God is not a form, God is formlessness. God is absolute nothingness, God is total void. Out of that voidness everything arises – trees, people, mountains, earths, stars, creations. They come, for the time being they are there, and then they again disappear into the ultimate void. That is the beginning and the end; it is before the beginning and after the end. Buddha calls it the beyond, the ultimate beyond, beyond the beyond.
You ask me, Bruce, “Why, despite appearances, is the void more tangible than the form, consciousness more than thought, silence more than the word?”
Consciousness is God because consciousness is nothingness. Thought is a world; hence Buddha calls mind “the world.” The moment a thought arises, a wave has arisen in the lake of consciousness, a form has arisen, and the form is only temporal, momentary. Soon it will disappear; it is not going to abide, it is not eternal. Don’t cling to it. Watch it come in and watch it go out. Watch it arising and watch it disappearing, but don’t cling to it. Remember consciousness, in which it arises and in which it dissolves again. That is your reality, that is your truth. The thought can be good, the thought can be bad, but good or bad it makes no difference. A thought is a thought; it is not eternal – and that is the only criterion of reality.

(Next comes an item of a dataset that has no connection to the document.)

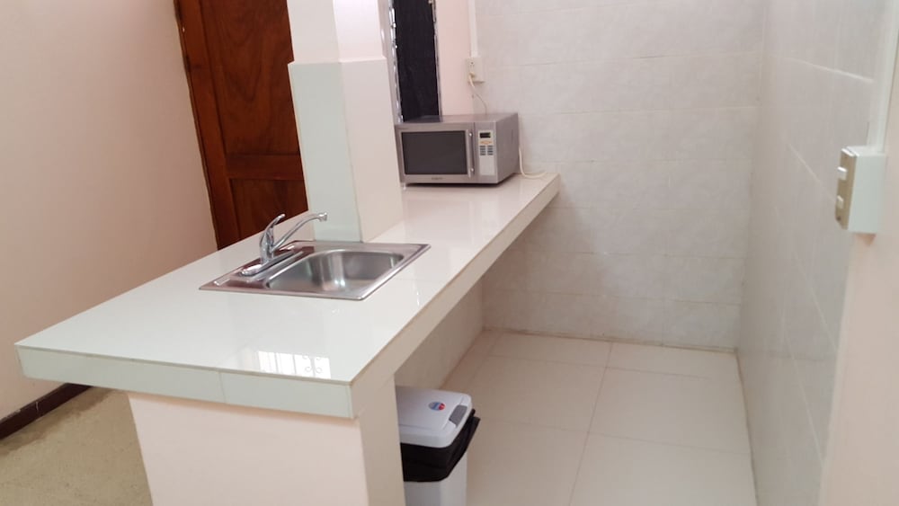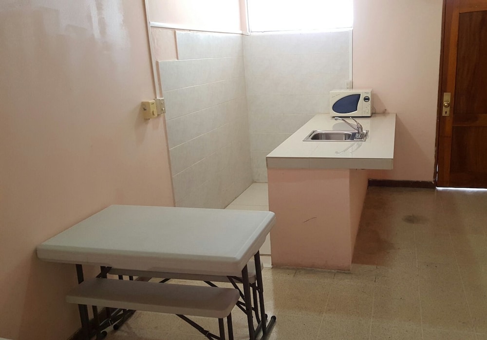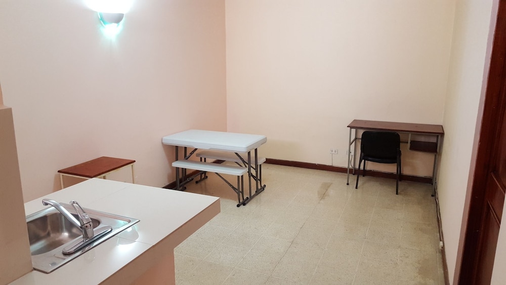 We chose this hotel as a cheap place to sleep before flying out the next morning. It was certainly that! The room was very basic, but had space for 4 people to sleep. The shower was cold, but that was expected. Little bit sketchy but the light switch and plug were inside the shower stall. Fortunately the shower head was more like a hose so the water just sprayed straight down. Does not have AC, which i was certain the ad said that it does, but when i got my confirmation email it said no AC, so a bit confused by that. Had an excellent ceiling fan that did a great job of keeping us comfortable while we slept. The area around the hotel was great, felt very safe walking around and sitting in the square with all the locals and their kids after dark, and there was a security guard roaming in case someone got out of line. Lots of shopping and food options nearby. Maxi Pali was a 10 min walk away. Would definitely recommend it if you just want a basic place to stay on the cheap!
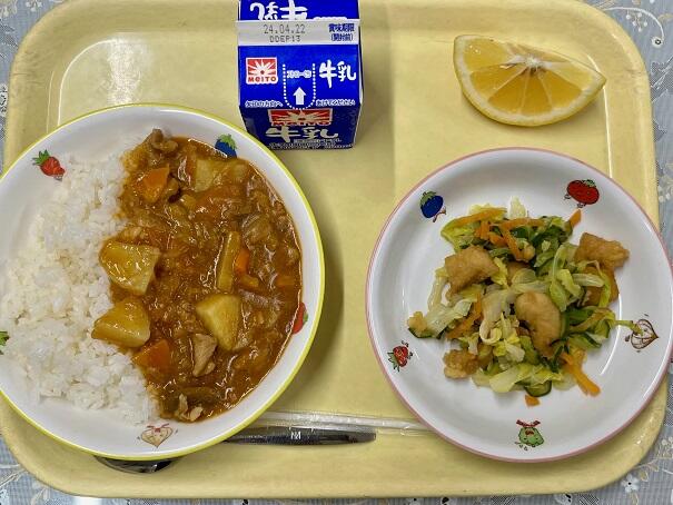 サラダは、しっとりした野菜の味付けを抑えて鶏肉の香ばしさを大事にしています。ハヤシライスは、ゴロゴロしたジャガイモがほんのり甘めのルーと一緒になることで存在感を高めているように感じます。1年生は今日から給食が始まります。

That’s how the mystics have always been judging reality: whatsoever is eternal is real and whatsoever is momentary is only a dream phenomenon. There is no difference between the dream that you see in the night and the dream that you see in the day, the dream that you see with closed eyes and the dream that you see with open eyes. Yes, there is a little difference: one dream is absolutely private. In the night with closed eyes you see a private dream; in the day with open eyes you see a collective dream, an objective dream. There are many participants in it, hence it gives you the feeling as if it is real. It is not so. What happens when you fall asleep? You forget all about the day.
It is said about Chuang Tzu that one morning he woke up and started laughing. His disciples gathered together and they asked, “What is the matter?”
Chuang Tzu said, “I have come across a problem that I cannot solve. Help me to solve it.”
That was the first time that he was asking the help of the disciples to solve a problem. Otherwise he was always solving their problems.
The disciples said, “It must be a really great, complicated problem – you tell us.”
He said, “The problem is simple, but in a way very complicated – and I don’t think it can be solved, it seems insoluble. That’s why I am laughing. I have looked at it from every side; it seems absolutely insoluble. The problem is, in the night I dreamed that I had become a butterfly.”
The disciples said, “That’s nothing. We all dream all kinds of things – dreams are dreams. Now you are awake the dream is finished. Why make so much fuss about a dream?”